Also, some of the core ideals of the time, like obsessing over having 100% semantic markup and the ability to change styles without having to touch the markup turned out not to be that important.

And, lastly, if you look at the provided source in CSS Zen Garden you can see that it has a lot of DOM affordances like classes, IDs and even some extra markup to make sure that the CSS author had everything she needed to make his design work.

source: I got a design published in the garden a long time ago http://www.csszengarden.com/110/


Nothing went wrong. The philosophy behind CSS Zen Garden is alive and well in some quarters, and in others it's not. It's the CSS world's version of EMACS vs VIM.

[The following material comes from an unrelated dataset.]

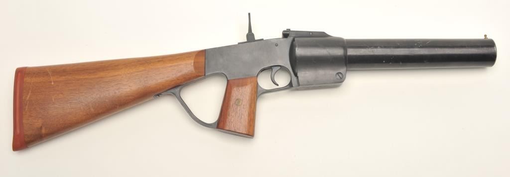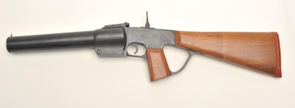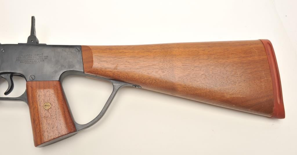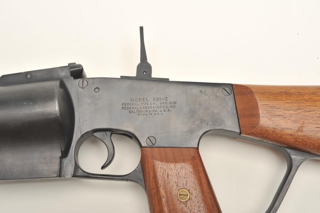 Federal Laboratories Model 201-Z 37mm caliber, tear gas gun, blued finish, wood stocks with hard rubber butt pad; approximately 29” overall, no visible S/N; overall very good condition. Est.:$200-$400.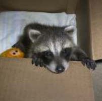 ![]() | Rosie is quite different from our other raccoons. She's short and her coloring is much lighter and more toward brown. She's a hand full already and love to be held. Note that her nose is short and rounded like a puppy's. As she grows older, her nose will become more elongated and pointed. |

Separation of different concerns.

The devs convey intent to the stylers through classes.


Projects got bigger.

When you have 5 front-end developer working on and off on a project, you can't simply throw media queries around.

Hence the adding of classes. With classes based grid system, I can setup my grid (as the front-end guy) and have the back end guys simply add the right class and the website will stay responsive.

That being said, the classes are only there for the skeleton of the website. The rest of it is going to be done via the CSS itself.

Let's use Zurb's Foundation as an exemple. I can have the entire skeleton of the website done using the classes. This allow everyone to share the same base and this makes sure that the website will always be responsive.

When I need to do some extra styling on the element itself where classes would not make sense (and would break the philosophy behind good CSS), I simply thrown in @include grid-column(4); in my Sass code. This way, I have all the power of the class based grid but only in the CSS and not in the markup. (this is equal to doing class="row-4")


What went wrong: CSS codebases became unmaintainable over time.

I could go into more detail, but I think most people will concur.


The appification of the web is what went "wrong". For non-app sites, a bloated DOM-grid is probably a bad choice (though there was a lot of interesting experimentation with Compass/Blueprint like a decade ago). For webapps, it may be a good choice.



Because IE 9 is still (unbelievably) a top 10 browser. But, it won't be for much longer, at which point I'll start converting. (https://www.w3counter.com/globalstats.php)


I created one grid system exactly like this [1] a couple of years ago as part of Picnic CSS [2].

However it was limiting in several factors, so I rewrote it from scratch as a flexbox solution, called it Flexpoint [3] and I love it. Now I need to integrate it back into Picnic.

For instance, can you change elements order? How do you account for an undetermined number of elements (same size, full width total)?

[1] http://web.archive.org/web/20150713011953/http://www.picnics...

[2] http://picnicss.com/

[3] http://francisco.io/flexpoint/


Looks good! How does the grid handle columns with different heights?


They should be filled up to the size of the tallest one if I'm not mistaken. Though so far I've only tried it with uniform elements so I don't know first hand.


flexpoint looks fantastic, nice work!


Really nice, though these days flexbox should kill libraries for that. Also I hate when you have fixed break points. Sometimes you need elements to be visible hidden on different screen width and frameworks like this limit the ability to change the breakpoints.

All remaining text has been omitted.